Towards sustainable electricity generation: Evaluating carbon footprint in waste-to-energy plants for environmental mitigation in Iran

Abstract

The environmental impacts of municipal solid waste have become a critical issue in Iran due to rising waste generation and limited waste treatment methods. From a global warming perspective, in 2018, Iran was the seventh-highest greenhouse gas emitter in the world. An implementation should demonstrate that it is possible to estimate the environmental impact of climate change. A simple carbon footprint estimation model for waste-to-energy power plants with a life cycle assessment using the 2006 Intergovernmental Panel on Climate Change (IPCC) guidelines is presented in this study. For this purpose, first the system boundary is determined. Then, the total emissions of each part within boundary are identified in terms of total greenhouse gas emission (and expressed in mass of carbon dioxide equivalent). In conclusion, the carbon footprint of generating one kWh of electricity is estimated. The final emission of the Tehran power plant is calculated at 24.46 ktCO2eq/year. Thus, the carbon footprint is estimated to be 1351.94 g CO2eq/kWh.
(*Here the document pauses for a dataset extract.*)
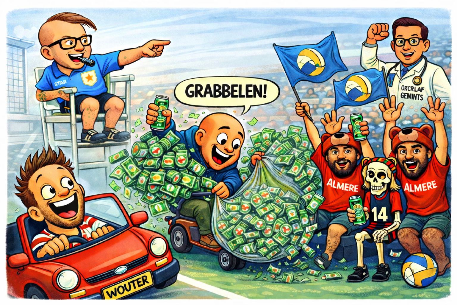 VoV, 12-03-2026. 10:22 uur. UH-UH-UH deed Wouter’s wekker om kwart over zes. Hij was ‘m vergeten uit te zetten terwijl het weekend was. Het begin van een lange dag. Zelfs voor een lange man. Met Gemini S heren 1 had hij ’s middags een wedstrijd. Hij zou nog even snel zijn enorme station auto langs garage Van Leeuwen brengen. “Het is iets kleins en zal wel meevallen” herhaalde Wouter de opmerking van de oude baas. Saskia had zich voorgenomen: ‘zich geen zorgen te maken, maar ze wist ook… zoals elke dag met Wouter….: “Woutje,” zei ze, “Doe je wel voorzichtig?” “Tuurlijk liefje, ik laat m’n team even weten dat ik met eigen vervoer ga. Dan doe ik garage van Leeuwen aan op weg naar Diemen. “Weet je, ik ga wel extra vroeg, als er dan toch iets onfortuinlijks gebeurt, dan heb ik nog alle tijd. Ik bedoel, je weet het maar nooit met mij. Wat kan er in hemelsnaam mis gaan?” Saskia keek naar de lege kinderstoel. “Ja, klopt schatje.” Maar Saskia dacht vooral: ‘wat kan er niet misgaan?’ BAM! Een harde klap van de voordeur die Wouter achter zich dicht trok. En daarna nog een geluid. Saskia keek de gang in en zag het schilderij wat al vier generaties in haar familie was op de grond liggen. Het leek zacht gevallen en nog onbeschadigd. Voordat ze naar het schilderij kon lopen ging de deur alweer open: “Tas vergeten” mompelde Wouter, en zonder te kunnen waarschuwen, zag Saskia de maat eenenvijftig zevenmijlslaars van Wouter, dwars door het doek scheuren. Wouter verzwikte daarmee zijn enkel: “Ouch!” Ze keken elkaar aan, Wouter en Saskia. “Ik heb nog wel even tijd voor ons nummertje.” Zei Wouter. Hand in hand gingen ze op de bank voor het raam zitten, keken naar de kersenbloesem in de voortuin, en Saskia drukte bij de cd speler op ‘play’. Daar zaten ze naast elkaar op de groene bank, terwijl ze ‘hun nummertje’ (hard to say i’m sorry – chicaco) voor de volle 3:45 min afspeelden. Wouter stond op en beende snel naar de deur. ‘Krak’ deed de antieke schilderij lijst in de gang toen Wouter er overheen walste. Wouter reed in de stationcar zoals de navigatie hem dirigeerde. (KEER OM) Wouter parkeerde en deed zijn gordel los, ging vervolgens met zijn billen op het stuur zitten en hield met zijn handen de bestuurders stoel vast. Na een minuut of twintig vond hij het mooi geweest en zag dat de route weer voorwaarts was. Onderweg keek hij door zijn gebarsten raam naar verbouwingen in de mist, naar droogliggende slootjes, prikeldraadhekjes waar de paaltjes hier en daar eerder aan het prikkeldraad hingen, dan dat ze het omhoog hielden. Een beige grijs schaap met harde donkere klodders in de vacht probeerde haar kop los te trekken uit de emmer die eromheen zat. Wouter reed voorbij en hoorde op de radio een hoop geruis. Op een andere zender hoorde hij het nieuws: ‘het gaat slecht met de boom. In het bijzonder de els. Dit is wegens aanhoudende droogte. Verder is de komkommeroogst voor ongeveer 40% mislukt’. Wouter zei tegen zichzelf: “Erik had wel geweten hoe hij dit nieuws zou noemen.” Grinnikend om zichzelf parkeerde hij bij garage Van Leeuwen. Wouter schopte een brok asfalt weg maar dit stuiterde op en kaatste hard tegen een rode sportwagen met een paarden embleem. Het hinderde hem niet. Hij liep door en had zin in de wedstrijd later die dag. Op het moment dat hij de showroom binnenstapte en nonchalant zijn autosleutel omhoog gooide, sprong er uit het niks een autoverkoper achter een SUV vandaan: “Goedemorgen meneer! Zoekt u een lekkere nieuwe wagen?” Wouter schrok en keek waar de stem vandaan kwam. Op dat moment was hij, heel kort, zijn nog in de lucht zwevende autosleutel uit het oog verloren. Toen hij deze alsnog wilde vangen, stuiterde hij op zijn duim, graaide er nog naar alsof hij de statiegeldgraaier was, maar miste. Na een plonsje zakte ’t langzaam tussen de waterplanten van het aquarium. “Hè, verdomme nog aan toe zeg.” Klonk Wouter geërgerd. De autoverkoper keek hem met grote ogen aan: “Ben jij…” Wouter luisterde niet en stak met een plens zijn arm tussen de vissen en plastic nepstenen. “Ja ik heb hem, en m’n mouw is nat, en mijn trui ook nog…godsakke” hij gaf de druppende sleutel aan de verkoper. Wouter ergerde zich een beetje aan de man. Hoe de man hem aankeek. In een goedkoop pak en met zijn lange haren als camouflage van de zijkant over zijn onmiskenbaar spiegelgladde kale kop gekamd. “Wat is het probleem met de auto?” Een derde (oudere) persoon voegde zich bij het gezelschap en aan de overal en zwarte vettige handen leek het iemand van de werkplaats. “De sleutel is in het aquarium gevallen” zei de bijdehante vent met zijn overkammer. Monteur: “Wat een geluk dat je dan nu bij een autogarage bent. Ik ga kijken wat ik kan doen. Zoek jij maar een mooie leenauto uit.” De monteur bewoog een zwarte hand naar de showroom met sportwagens, SUV’s en andere auto’s van meer dan een ton. De overkammer verkoper staarde naar Wouter en zei: “Je kunt uit alle auto’s met een blauwe sticker kiezen. Zoek maar wat uit.” Wouter las op het naambordje van de verkoper: Pim afd. verkoop, en zei: “Ok Pim, ik kijk wel even. Wouter liep rustig tussen de mooie wagens door en glunderde. Wat zouden zijn teamgenoten zeggen als hij in een elektrische 911 aan kwam rijden. En zou zo’n kapsel, als die man hier had, ook bij zijn kalende teamgenoten Bram of Bas staan. Verkoper Pim kwam achter hem aan, terwijl hij een mapje in zijn hand hield: “Ga je naar huis zo, of wat eeh, ga je doen?” Wouter: “Volleyballen, we moeten in Diemen tegen Smashing ’95.” De verkoper bewoog wat onrustig en zei: “Het is niet waar, Diemen, en ook volleyballen hmm, daarom ben je zeker zo lang?” Zonder op antwoord te wachten draaide hij zich om. Met het mapje stijf onder zijn arm geklemd. Wouter zag rode BMW X3’s, blauwe M4’s, een gele Audi RS3 in de hoek en een zwarte Tesla (model S). Echter, geen van ze, had een blauwe sticker

Key parameters that affect carbon footprint are divided into two groups: emission parameters and electricity generation parameters. The sensitivity analysis of effective parameters showed the distance travelled and weight of waste transported during waste transportation, the fossil carbon content in waste composition has the highest effect on carbon footprint. The study shows a 1.2-fold difference between the carbon footprint of two current scenarios of waste treatment: landfill and waste-to-energy plant. The life cycle emissions of landfills exceed of waste-to-energy plants, indicating that these systems can contribute significantly to addressing the current environmental challenges. Additionally, they offer advantages in terms of electricity generation.